SELECT stations.name, data.temp, data.air_pressure, date_format(data.date)
FROM german_climate.data, german_climate.stations
WHERE data.station_id = stations.id
  AND data.temp IS NOT NULL
  AND data.air_pressure IS NOT NULL
ORDER BY data.temp DESC, stations.name, data.air_pressure, date_format(data.date)
LIMIT 10;

And the result:

+------------------------+-----------+-------------------+-----------------------------+
| stations.name          | data.temp | data.air_pressure | date_format(data.date)      |
+------------------------+-----------+-------------------+-----------------------------+
| Oldenburg              |      49.1 |            1027.2 | 1993-03-25T21:00:00.000000Z |
| Oldenburg              |      42.1 |            1006.5 | 1992-07-21T13:00:00.000000Z |
| Zwiesel                |      42.0 |            1013.5 | 2002-10-04T02:00:00.000000Z |
| Bremervörde            |      41.3 |            1018.2 | 1991-08-02T15:00:00.000000Z |
| Oldenburg              |      41.0 |             959.2 | 1992-10-24T00:00:00.000000Z |
| Weiden                 |      40.9 |            1012.3 | 1994-07-25T14:00:00.000000Z |
| Karlsruhe              |      40.1 |            1016.3 | 2003-08-13T13:00:00.000000Z |
| Karlsruhe              |      39.9 |            1015.4 | 2003-08-13T15:00:00.000000Z |
| Karlsruhe              |      39.8 |            1014.9 | 2003-08-09T16:00:00.000000Z |
| Schönhagen (Ostseebad) |      39.8 |            1007.0 | 1993-03-22T20:00:00.000000Z |
+------------------------+-----------+-------------------+-----------------------------+
SELECT 10 rows in set (6.908 sec)

Due to the multiple ordering, the query took about 6.9 seconds.

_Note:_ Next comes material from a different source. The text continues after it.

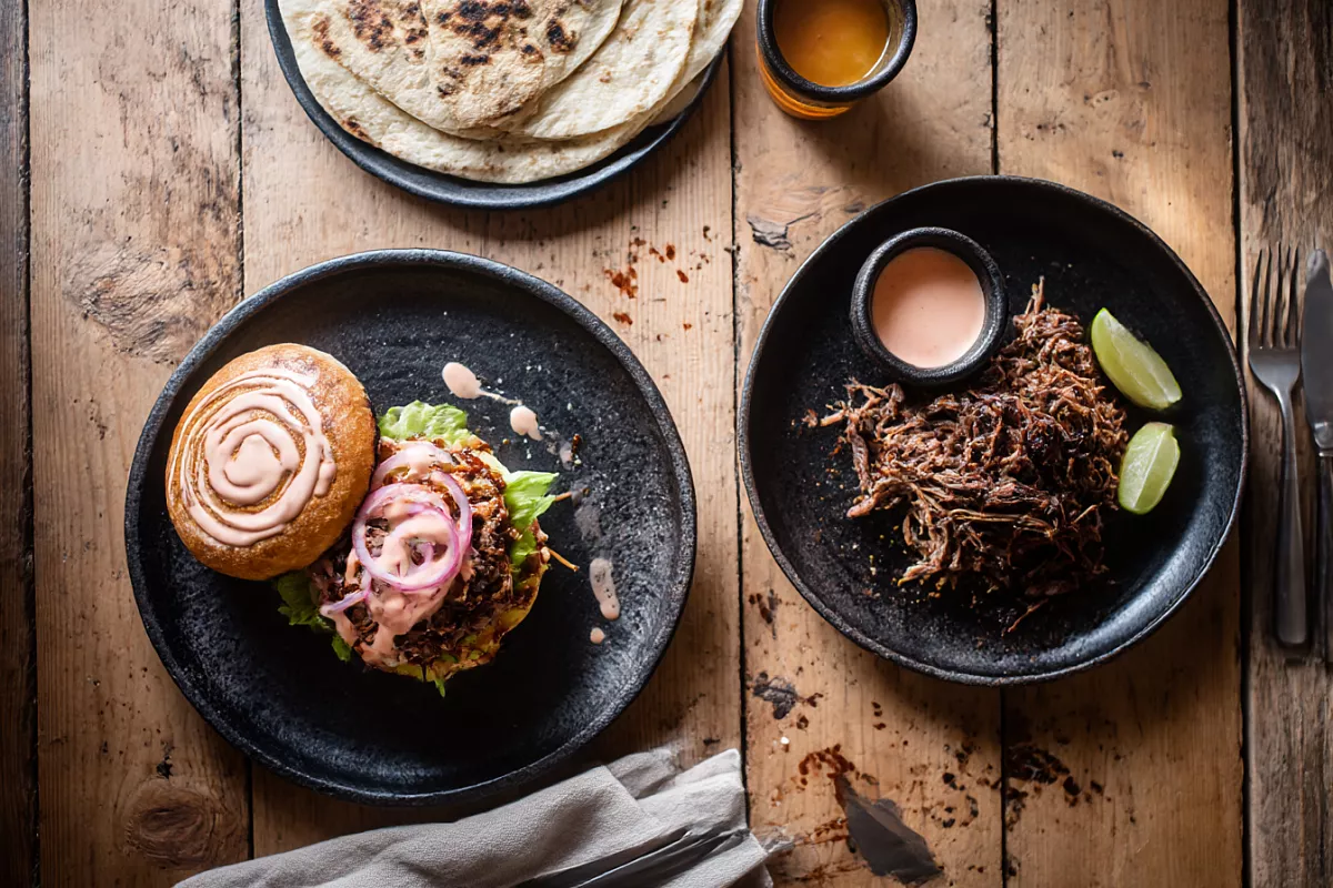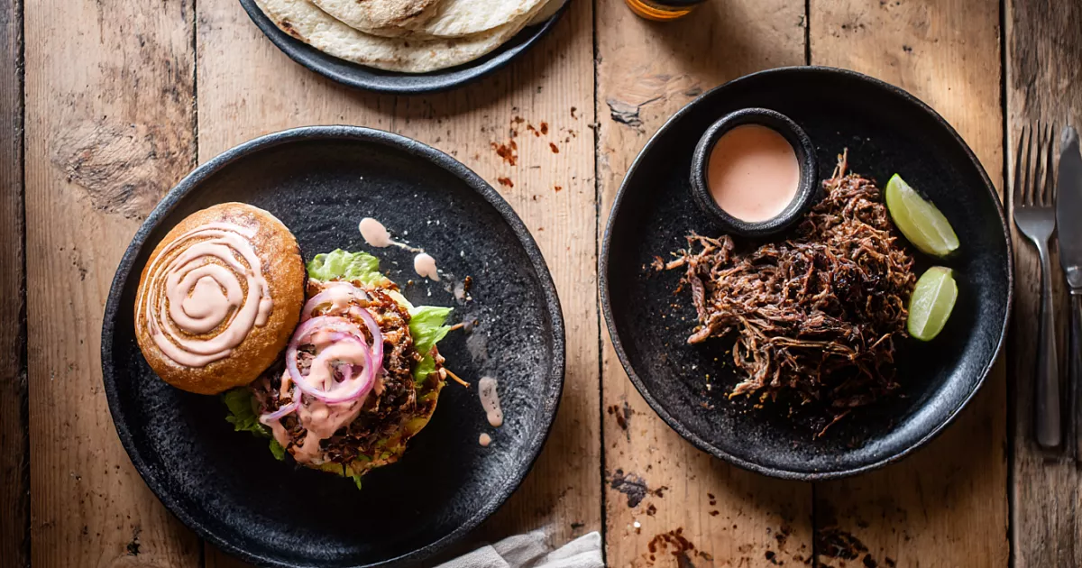Мясо медленно томится в духовке, становится таким мягким, что его можно разбирать вилкой и начинять бургеры, шаурму, блины или питы.

However, now it's possible to sort only by the relevant fields, in this case by temperature:

SELECT stations.name, data.temp, data.air_pressure, data.date
FROM german_climate.data
  INNER JOIN german_climate.stations
    ON data.station_id = stations.id
WHERE data.temp IS NOT NULL
  AND data.air_pressure IS NOT NULL
ORDER BY data.temp DESC
LIMIT 10;

And the result:

+------------------------+-----------+-------------------+-----------------------------+
| stations.name          | data.temp | data.air_pressure | date_format(data.date)      |
+------------------------+-----------+-------------------+-----------------------------+
| Oldenburg              |      49.1 |            1027.2 | 1993-03-25T21:00:00.000000Z |
| Oldenburg              |      42.1 |            1006.5 | 1992-07-21T13:00:00.000000Z |
| Zwiesel                |      42.0 |            1013.5 | 2002-10-04T02:00:00.000000Z |
| Bremervörde            |      41.3 |            1018.2 | 1991-08-02T15:00:00.000000Z |
| Oldenburg              |      41.0 |             959.2 | 1992-10-24T00:00:00.000000Z |
| Weiden                 |      40.9 |            1012.3 | 1994-07-25T14:00:00.000000Z |
| Karlsruhe              |      40.1 |            1016.3 | 2003-08-13T13:00:00.000000Z |
| Karlsruhe              |      39.9 |            1015.4 | 2003-08-13T15:00:00.000000Z |
| Karlsruhe              |      39.8 |            1014.9 | 2003-08-09T16:00:00.000000Z |
| Schönhagen (Ostseebad) |      39.8 |            1007.0 | 1993-03-22T20:00:00.000000Z |
+------------------------+-----------+-------------------+-----------------------------+
SELECT 10 rows in set (2.578 sec)

As you can see, by removing the additional unused order by fields the query time shrank from ~6.9 seconds to ~2.6 seconds, which is an increase in speed of over 165%!

This is a simple example of a minor optimization. We're working on bigger optimizations for implementating JOINs, and look forward to sharing them with you soon!